Oh where to start? I guess with the prime rib. I keep going back to The Perfect Recipe: The Ultimate, Hands-Down Best Way to Cook Our Favorite Foods by Pam Anderson because every single recipe I’ve tried has come out fantastic. Once I decided to try a prime rib, my first, I read a dozen recipes. ALL of them, except the one in this book, had it cooking at 350 or more. So when Anderson says to cook it at 200, I felt like I was taking a risk, a $75 risk, not to mention 14 hungry people dependent on me for Christmas dinner! I did do a ham as well, because, well, we love ham and the kids begged. So Anderson’s ham recipe says 250 and the prime rib says 200. I’ve got one oven so I split the difference.

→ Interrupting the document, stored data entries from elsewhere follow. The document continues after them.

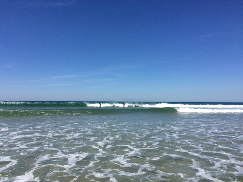 Carcavelos. Недалеко от станции. Отличные волны. Здесь же находится школа серферов. Очень рекомендую взять несколько уроков. Отличное развлечение, которому холодная вода - не помеха. Есть прокат снаряжения, медпункт, спасатели.
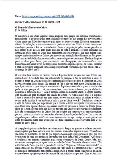 RH, 24/03/1896 – Ellen G. White “O Tema do Ministro de Cristo”
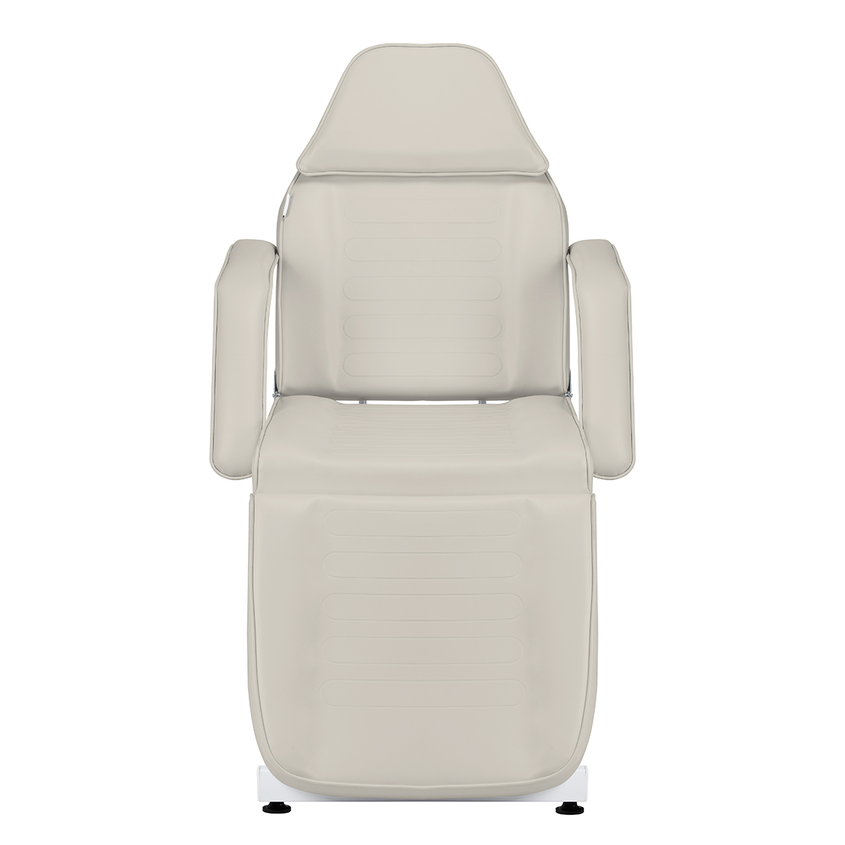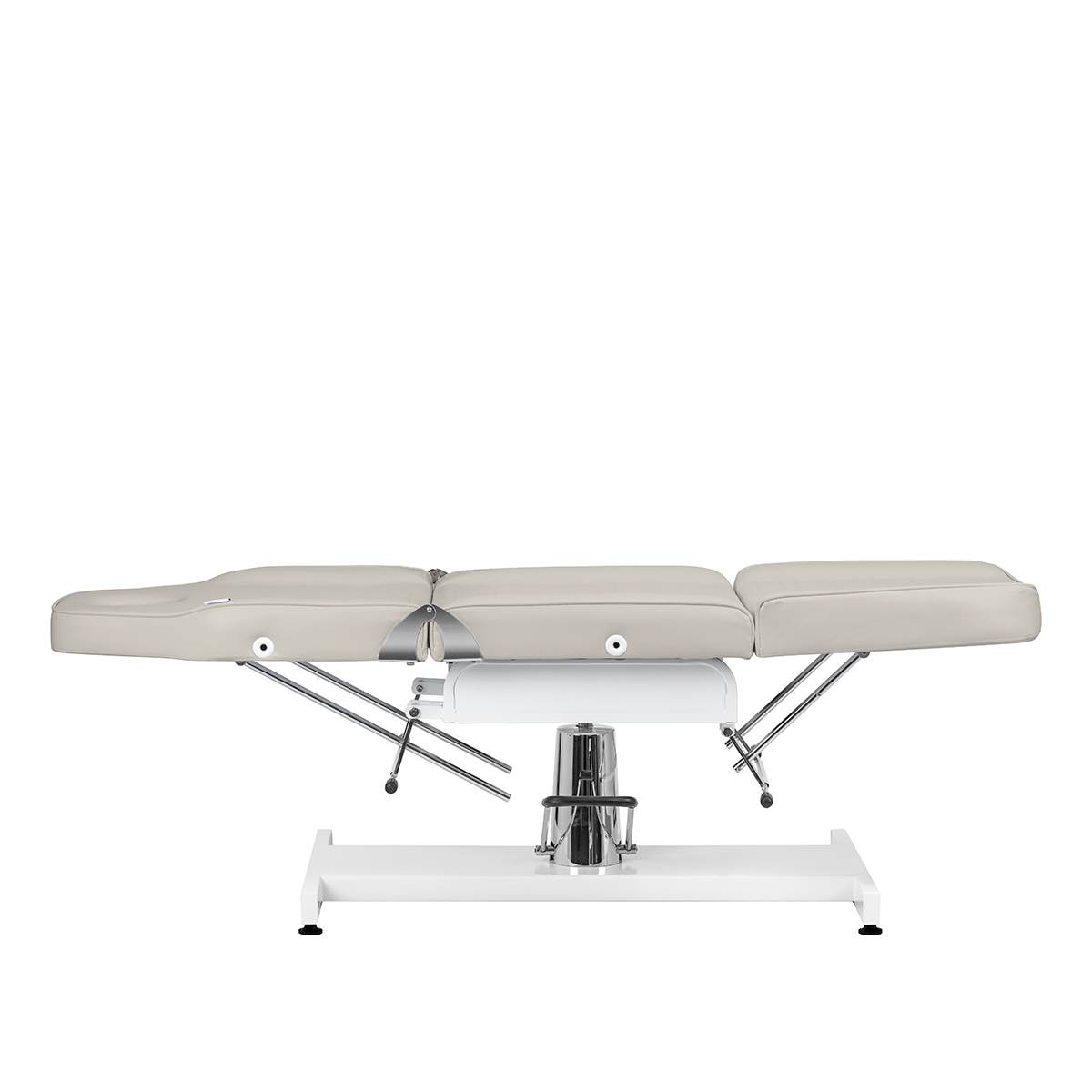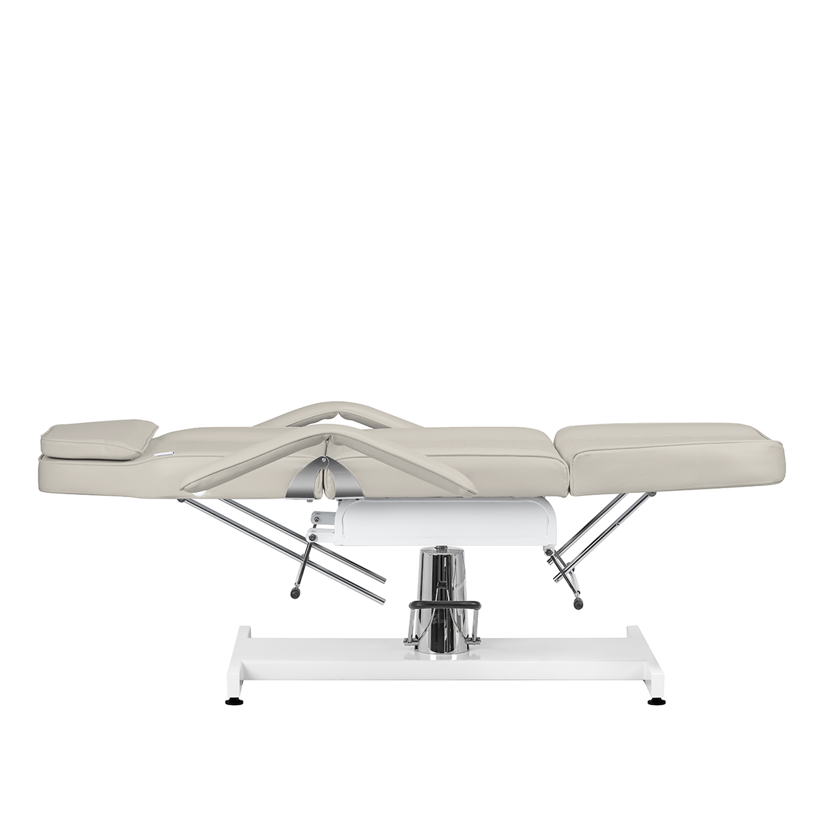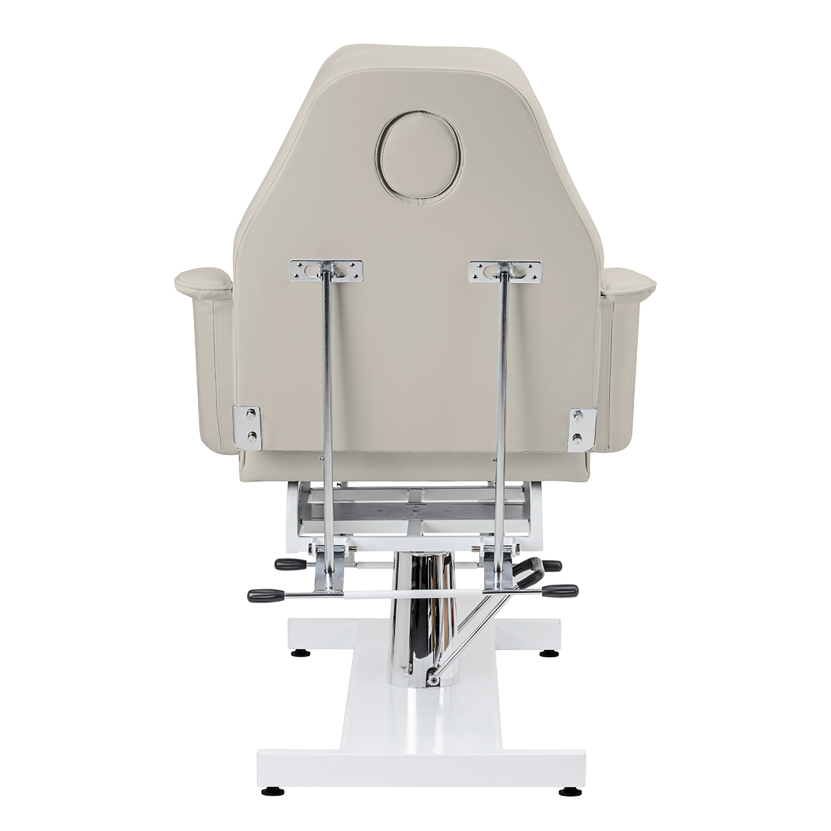 Spezielle Hebel ermöglichen die stufenlose Neigungsverstellung von Fußstütze und Rückenlehne. Dies garantiert optimale Anpassung an therapeutische Anforderungen und schafft maximalen Bedienkomfort. Der Stuhl lässt sich in eine vollständige Liegeposition transformieren und eignet sich daher hervorragend für Gesichts- und Körperbehandlungen aller Art.

I carefully measured ahead of time to make sure each hunk of meat would fit in my roasting pans and the two roasting pans could sit side by side. Otherwise, I was going to have to experiment with the ham in the convection oven or the crockpot. I actually tried to go buy one of those electric roasters but couldn’t find any.
So, the prime rib. I tied it up, as instructed, with three pieces of twine. I seared it in a stockpot, browning the outside. I salted and peppered it. And I stuck it on a rack in one of my roasting pans and put it in the oven at 225. (Anderson says 200, but I had the ham to consider.) She says about 30 minutes per pound and that was just about perfect. I had a 10 pound prime rib. I checked it an hour before I thought it would be done, then again 30 minutes later, then again. The meat thermometer said 130. And it was truly just about perfect. I know my brother and a few other guests like it rare, but most of us like it medium. Everyone found just what they wanted and my brother pronounce it “perfect,” high praise from a guy who eats a lot of beef.
Since my site is mostly about cheap cooking and frugal recipes, I have to point out that this cut of meat is pure luxury. If you want to make a big splash with a hunk of beef, it’s pretty hard to beat. And it’s easy, so even if you’re new to cooking, you can easily serve a pretty impressive dinner here.
Value is a personal thing. For me, it was fun to try once because I’d always wanted to cook one. However, at $75 to feed 14 it’s definitely a luxury. I suspect everyone would have been just as happy with a $20 ham and/or a $20 turkey or a big hunk of salmon (another family favorite) or a few pork tenderloins. It was fun though.